I don't know what to suggest ...

That's a first! :P

... apart from testing Chris's generator next.

Consider it done.

Is there any correlation between PractRand scores and the number of TestUI failures for [14,2,7,5] with the various lsb's?

I think I need to filter them better. There's far too many minor fails. That's something to read up on and see if there is controls in the test suit I can adjust ...

xoroshironot · 2018-08-15 03:10

EvanH,

Thanks for the comments.

I included 'const' only for the aesthetic of being consistent with the original xoroshiro. Using Compiler Explorer, I did not see any effect on the ASM emitted by GCC -O3 or MSVC /Ox, but I am happy to remove them.

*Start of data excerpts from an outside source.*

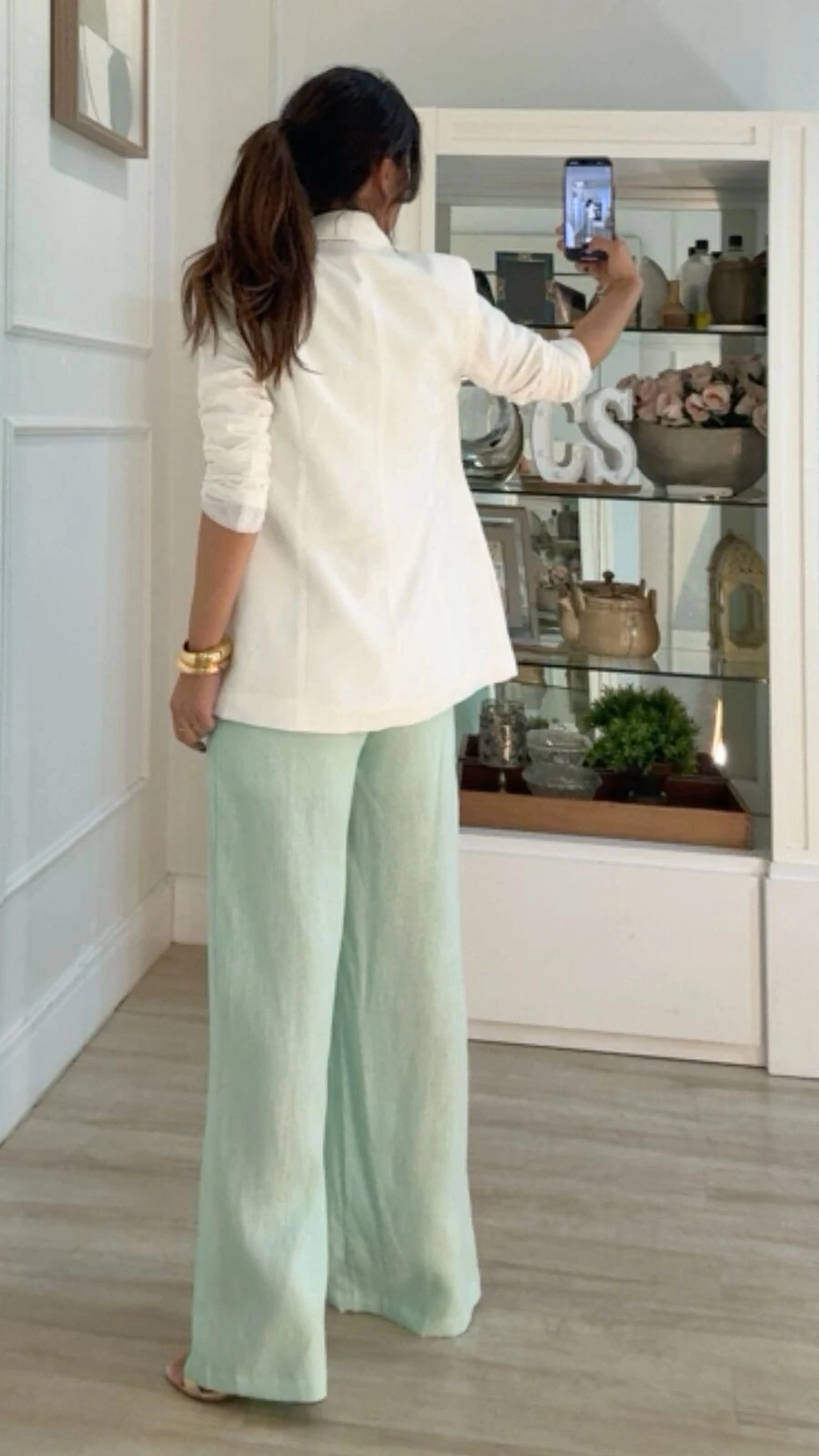 Blazer confeccionado em viscose. Possui gola, decote v, ombreiras, mangas longas, bolsos fake frontal com lapela, fechamento frontal da peça por botão, e forro.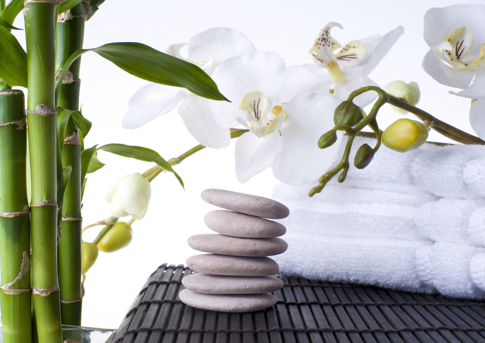 Afbeelding op acrylglas - Orchidee, zen stenen en bamboe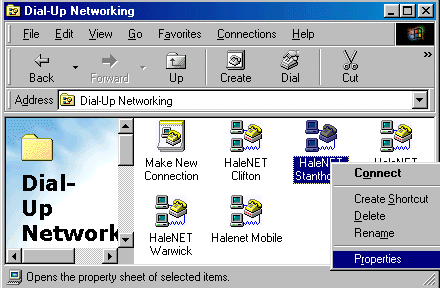 "Right Click with your Right mouse button" on HaleNET xxxxx. This will bring up a menu. Choose the properties option at the bottom of the menu.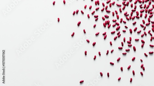 A scattering of red beans on a white surface, highlighting their color and texture.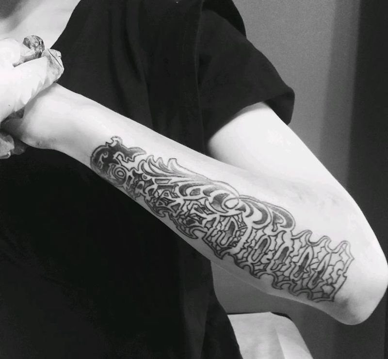 花体字纹身图片_手臂花体字纹身图案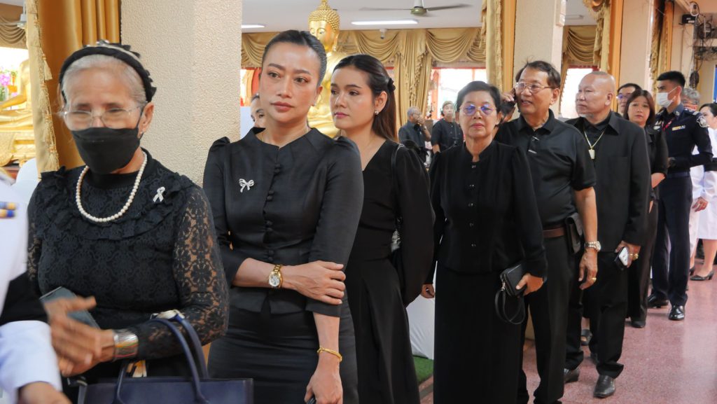 ผู้ว่าราชการจังหวัดสมุทรปราการ นำประชาชนทุกหมู่เหล่าถวายน้ำสรงพระบรมศพเบื้องหน้าพระฉายาลักษณ์สมเด็จพระนางเจ้าสิริกิติ์พระบรมราชินีนาถ พระบรมราชชนนีพันปีหลวงน้อมรำลึกถึงพระมหากรุณาธิคุณ และถวายความอาลัย พระผู้เสด็จสู่สวรรคาลัย

As for the other recommendations, they seem logical (first thing I tried), but in my testing:
Seemingly interfered with saturation and intentional steering of the Intel CPU pipeline under various loads by undoing the latent load of the S[2] state from L1/L2 cache, etc.
Did not result in fewer global references emitted by GCC or MSVC (as the compilers are smart enough to see what I am trying to do, and yet stay out of my way when I need them to).
Resulted in ASM that penalized either GCC or MSVC without providing a clear performance benefit to the other.
Moving the const_odd to the subtract line in the 2-D code over-saturates the pipeline on my CPU (too many back-to-back similar parallel operations taxing the same micro-ops), but it does benefit the 1-D code because the s0 ^ s1 is deferred.

The end result is code nearly as fast as xoroshiro** or ++ when I tested on a Xeon W3690 using 3 different benchmarks (with 'inline' and under both single and multi-threaded loads).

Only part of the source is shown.